Tesla challenged the status quo by implementing a direct-to-consumer (DTC) sales model. While some traditional automakers have hinted at embracing the same model after seeing Tesla’s success, executives at these companies are still skeptical.
Traditional automakers have long relied on a dealership-centric model, where dealers act as the middle-man between manufacturers and consumers. In contrast, Tesla enables customers to purchase vehicles directly from the company’s website, eliminating the haggling process and streamlines the buying experience. Other EV startups have followed suit, like Lucid and Rivian.
However, a recent Kerrigan Advisors study reveals the industry is still not sold on the DTC model. The study, which surveyed over 115 car company executives, found that more than one-third of respondents do not believe the model will take root in the U.S. automotive landscape. Approximately 43% expressed uncertainty about the viability of this approach, while only 22% displayed optimism. (via Business Insider)
Tesla’s DTC model has disrupted the traditional ecosystem by cutting out dealerships as intermediaries. Instead, Tesla showrooms provide a platform for customers to explore the vehicles, but transactions occur online.
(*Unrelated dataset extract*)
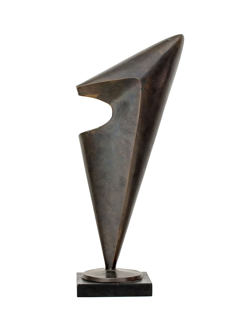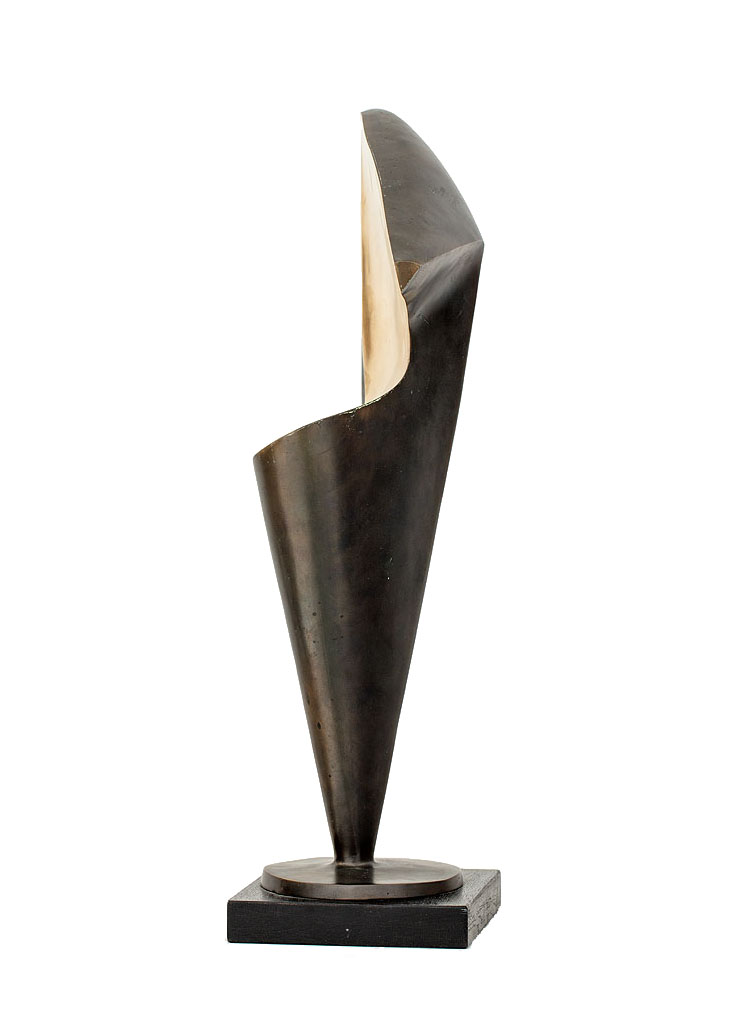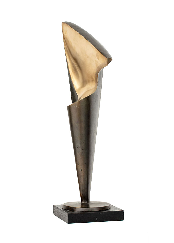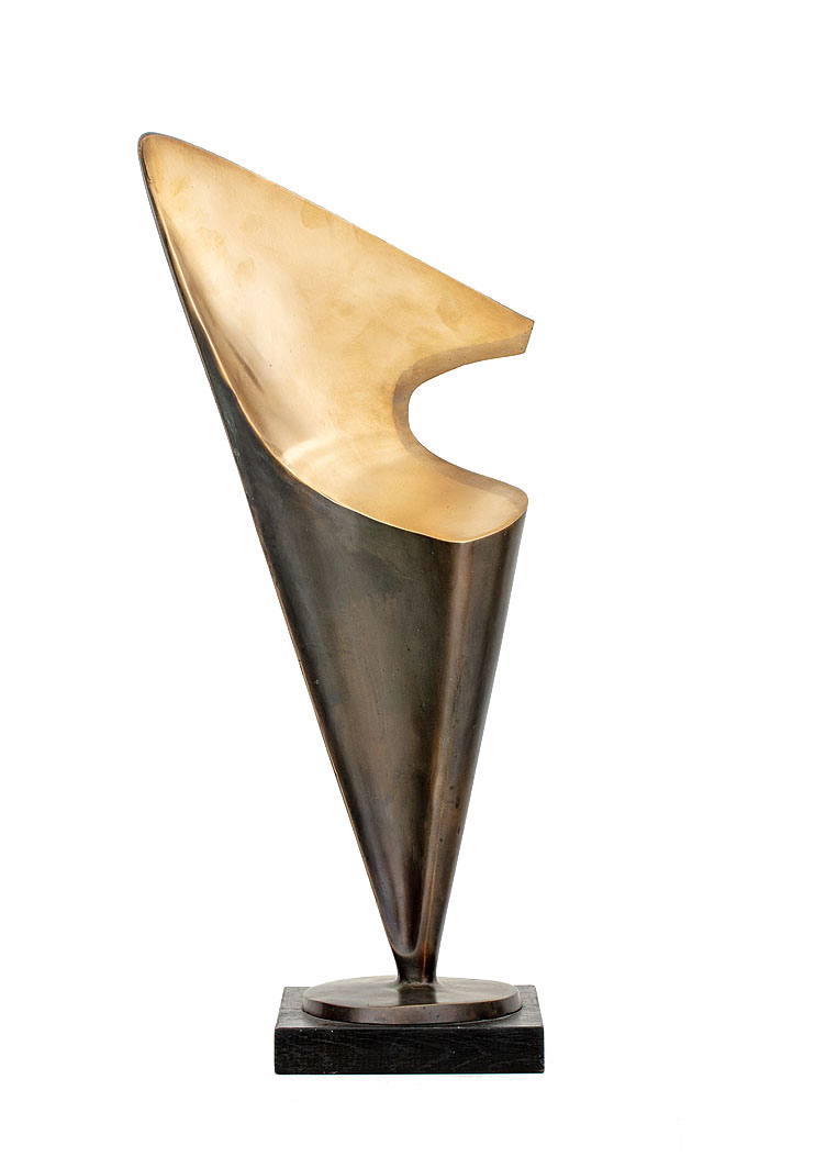 Zainspirowany naturą Tadeusz Łodziana od początku swojej drogi artystycznej traktował figurę kobiecą jako punkt wyjścia do formalnych poszukiwań. Choć temat ten miał długą i akademicką tradycję, artysta – korzystając z dorobku zachodniej awangardy – podjął próbę dotarcia do jego istoty. Upraszczając formę, eliminując detal i narrację, sprowadzał ciało do znaku – pełnego harmonii, syntezy i rytmu. Jak pisał Wojciech Skrodzki: „Łodziana jako jedyny właściwie twórca we współczesnej rzeźbie polskiej sięgnął do doświadczeń przede wszystkim Brâncușiego, a także Arpa. Najdoskonalsze realizacje rzeźbiarskie, tworzone w duchu maksymalnego dążenia do syntezy i prostoty kształtu, zaczęły powstawać pod koniec lat 50. Poczynając od tego okresu, rzeźby Łodziany były biologiczne i organiczne, ale w sensie bardzo daleko ku abstrakcji posuniętej interpretacji kształtu ludzkiego ciała” (Skrodzki W., Synteza formy, „Projekt”, t. 26, nr 5, 1981, s. 60-61). Motyw kobiecego aktu stanowił główny filar twórczości Łodziany – powracał w licznych wariantach, za każdym razem interpretowany na nowo. Charakterystyczne dla jego stylu syntetyczne bryły, zachowują elegancję i naturalny rytm, a jednocześnie odznaczają się nowoczesną śmiałością formalną. Prezentowana rzeźba „Trójkątna” wyróżnia się na tle dorobku artysty jako najbardziej zgeometryzowana, niemal całkowicie abstrakcyjna wizja kobiecej figury. Łodziana sprowadza tu ciało do lapidarnego znaku, do idei, która w subtelnej grze kształtów i światła nabiera symbolicznego wymiaru. „Trójkątna” została odlana w brązie przez artystę za jego życia, w pojedynczym egzemplarzu, co czyni ją dziełem unikatowym i kolekcjonersko wyjątkowym. Smukła, strzelista, zbudowana z wyważonych proporcji, rzeźba zachowuje organiczny puls mimo całkowitej geometryzacji. Gładka, polerowana powierzchnia kontrastuje z patynowanymi partiami metalu, podkreślając napięcie między formą a światłem. Łodziana osiąga tu rzadką w rzeźbie równowagę między awangardową syntezą a klasycznym poczuciem piękna – tworząc czystą i poetycką opowieść o kobiecości.

This divergence from the norm has prompted other automakers to consider reimagining their retail strategies.
Ford has shown signs of taking baby steps towards the DTC model. CEO Jim Farley revealed that Ford’s EV business has transitioned to a model featuring non-negotiable prices, simplified shopping experiences, and remote services.
The transition, however, is not without challenges. Auto dealers, known for their strong lobbying influence, have been at the forefront of resisting DTC sales. These lobbying groups have been successful in shutting down Tesla’s attempts to sell directly to consumers in several states. Despite these challenges, Tesla has been able to use workarounds by opening locations on sovereign tribal land where state laws do not apply.